9. For the Secretary of State Mr Bramble was unable to definitively confirm that Ms Lecointe had agreed to 'narrow the issues' as described by Ms Turner, since he had not been supplied with any information directly from her. He was however able to say that he would not oppose that particular head of challenge, since he had before him Ms Lecointe's note of the hearing, which indicated that she had asked not a single question about the marriage in cross-examination. This, coupled with the fact that Ms Turner is a barrister who has sworn a witness statement, was sufficient evidence to establish that the matter had been agreed in the terms she narrates in that statement. Moreover it would appear that at no stage had the Respondent alleged the marriage to be a marriage of convenience. The Respondent therefore agreed that this challenge to the First-tier Tribunal's findings was made out.

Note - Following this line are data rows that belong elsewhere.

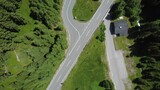 Aerial View of a Winding Mountain Road Through Dense Alpine Forest on a Sunny Day.
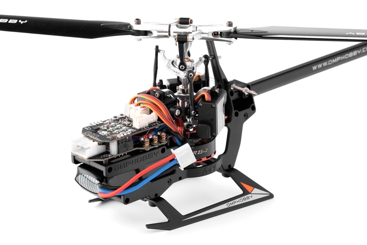 Elektroniku vrtulníku tvoří inteligentní řídící jednotka s integrovanou 3G flybarless řídící jednotkou, elektronickým regulátorem otáček s funkcí governoru a tři digitální pikoserva DS2045 s kovovými převody ovládající CCPM (120°) mixovanou desku cykliky. Pro řízení vrtulníku budete potřebovat aspoň šestikanálovou RC soupravu s miniaturním přijímačem s S.BUS portem (nebo také DSM/DSMX). Pro obyčejné poletování nemusí být vysílač ani počítačový (všechny potřebné mixy obstarává řídící jednotka), stačí jen 4 kanály na kniplech a pátý kanál s dvoupolohovým přepínačem pro přepínání režimů řídící jednotky se stabilizací a 3D. Samozřejmě, pro plnohodnotné klasické a 3D létání je třeba počítačový vysílač s nastavitelnými 2-3 letovými režimy s aspoň pětibodovými křivkami kolektivu pro visení a akrobacii a dalším režimem pro autorotaci.
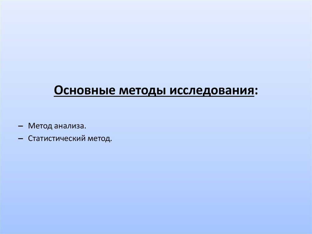 Основные методы исследования:– Метод анализа.
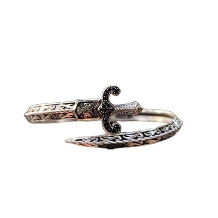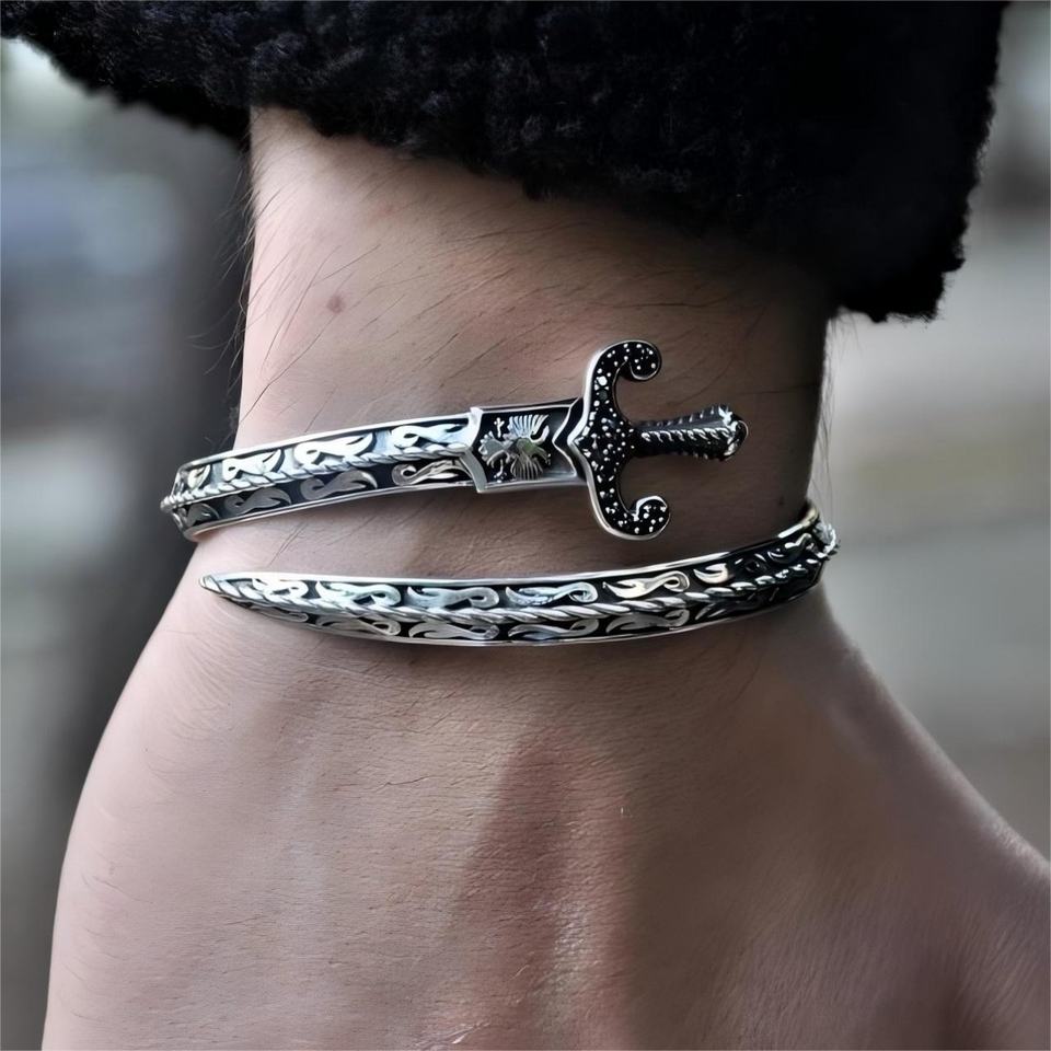 กำไลข้อมือและกำไลเงินแท้ 925 รูปทรงดาบสำหรับผู้ชาย ปรับขนาดได้ สไตล์พังก์ เหมาะสำหรับงานปาร์ตี้และเป็นของขวัญ
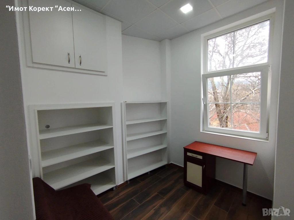Офиса е с поръчкови шкафове и рафтове, нов ламинат и нова дограма.

Ground (ii): Durable Relationship
10. The evidence before the First-tier Tribunal was to the effect that the First Appellant and her children had been living with Mr [M] for some eight years. Ms Turner had invited the Tribunal to find that as well as qualifying as 'family members' it must also be the case that the Appellants, in the alternative, qualified as 'extended family members' by virtue of the fact that the two adults in the family had been in a durable relationship for all of that time.
11. The First-tier Tribunal rejected that proposition in trenchant terms, identifying what it found to be numerous and serious discrepancies in the evidence.
12. The Appellants submit that the Tribunal's conclusions about the nature of the relationship was flawed for misunderstanding/ misrepresentation of the evidence. It is submitted that the inconsistencies identified in the determination were not inconsistencies at all, but more significantly that the findings made were flawed for a failure to weigh all of the relevant evidence in the balance. It is submitted that that the Tribunal erred in failing to assess the quality of this relationship in light of the applicable policies and evidence. There was a wealth of evidence to support the contention that this was a family unit, and none of this evidence is addressed in the decision.
13. Mr Bramble was, once again, in a position where he could not defend the determination. He accepted that the file contained a large bundle of evidence going to cohabitation and family life, with documents placing the individuals in question in the same address for the past eight years. He agreed that whatever might be said about the discrepancies, it was an error for the First-tier Tribunal to fail to consider all of that other evidence in its assessment.
14. Given the lack of findings on the large volume of material evidence, the parties invited me to remit this matter to the First-tier Tribunal. I agree to do so.
Decisions
15. The determination of the First-tier Tribunal contains errors of law and it is set aside.
16. The decisions in the appeals will be remade in the First-tier Tribunal by a Judge other than Judge McGrade.
17. There is no order for anonymity.